Event Abstract

Individual differences in salience and executive-control networks

  • 1 University of Newcastle, School of Psychology, Australia
  • 2 Priority Research Centre for Translational Neuroscience and Mental Health, Australia

Resting-state functional MRI (rs-fMRI) measures regional changes in low frequency blood oxygen level-dependent (BOLD) signal over time and provides insight into the intrinsic activity of neural networks when not involved in task-specific activation. Connectivity properties of intrinsic networks have been associated with cognitive performance. The current study examines the relationship between individual differences in decision-making abilities and intrinsic network connectivity strength within the executive-control and salience networks.

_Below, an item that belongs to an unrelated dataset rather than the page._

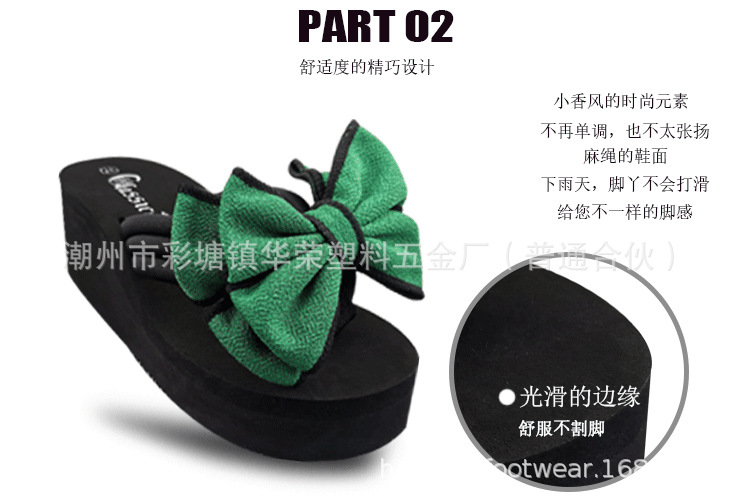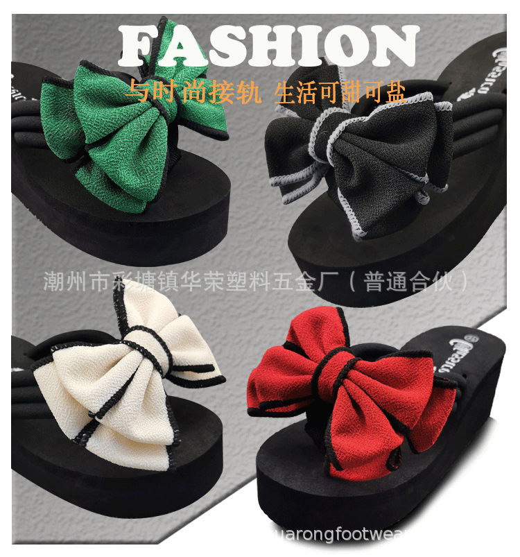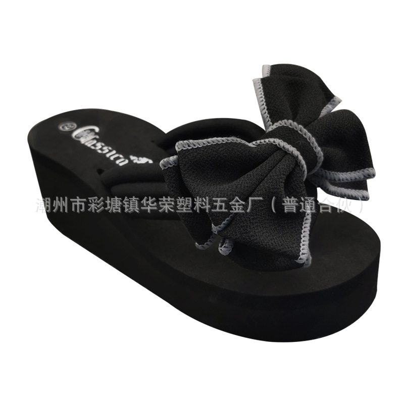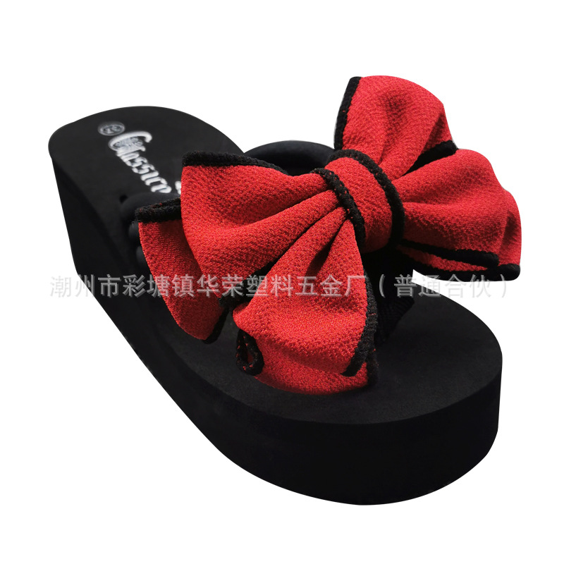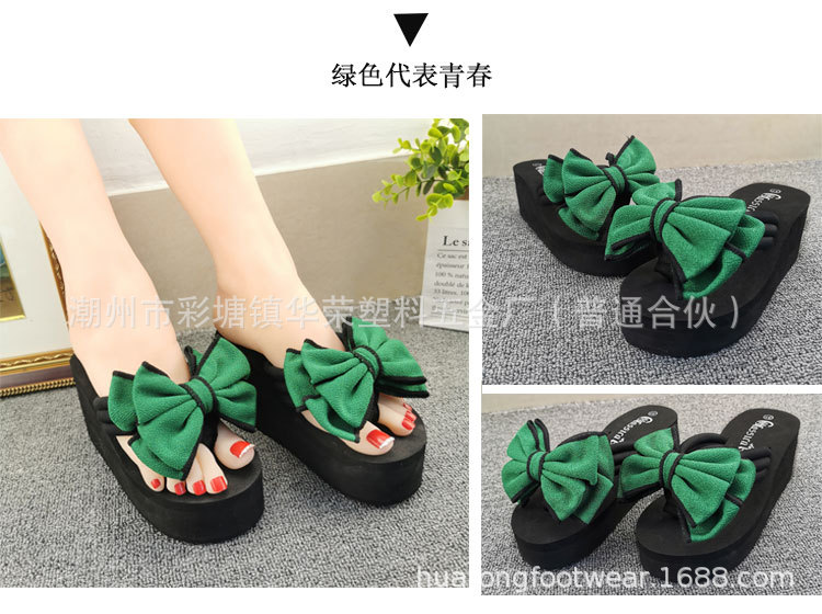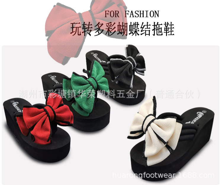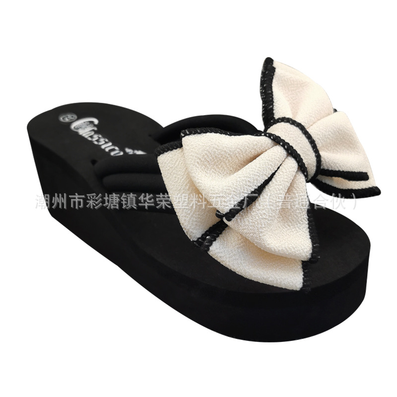 6CM8CM 두꺼운 바닥 샌들 여름 새로운 플립 플롭 여성용 겉옷 보우 클립 발 웨지 힐 힐 힐 힐 높이 증가 슬립 플롭

Executive function, working memory and decision-making were characterised in 24 young adults (24+/-6.4y; 16 female). rs-fMRI were acquired using a T2*-weighted echo planar imaging (EPI) sequence (3 mm slice, 60 slices, TR/TE: 3120/21ms, flip angle = 90 º, FOV = 288mm, 96x96 matrix, voxel size = 3x3x3mm, 160 scans/run). Executive-control and salience network connectivity was derived using seed-based connectivity analysis with seeds in right dorsolateral prefrontal cortex and dorsal anterior cingulate cortex, respectively. Decision-making was measured as deliberation time on the Cambridge Gambling task (i.e. decision-making) and was negatively correlated with connectivity in the salience network but not the executive-control network. Performance on the Trail-Making task was used as a measure of executive functioning and Digit Span - Backwards score as a measure of working memory. Executive functioning scores were positively correlated with variability in executive-control network connectivity. Delayed recall on the Logical Memory test was positively correlated with connectivity in both networks. We conclude that individual differences in executive and working memory capacity are related to differences in executive-control network connectivity whereas decision-making quality is linked with salience network connectivity. These findings support distinct functional properties of these networks.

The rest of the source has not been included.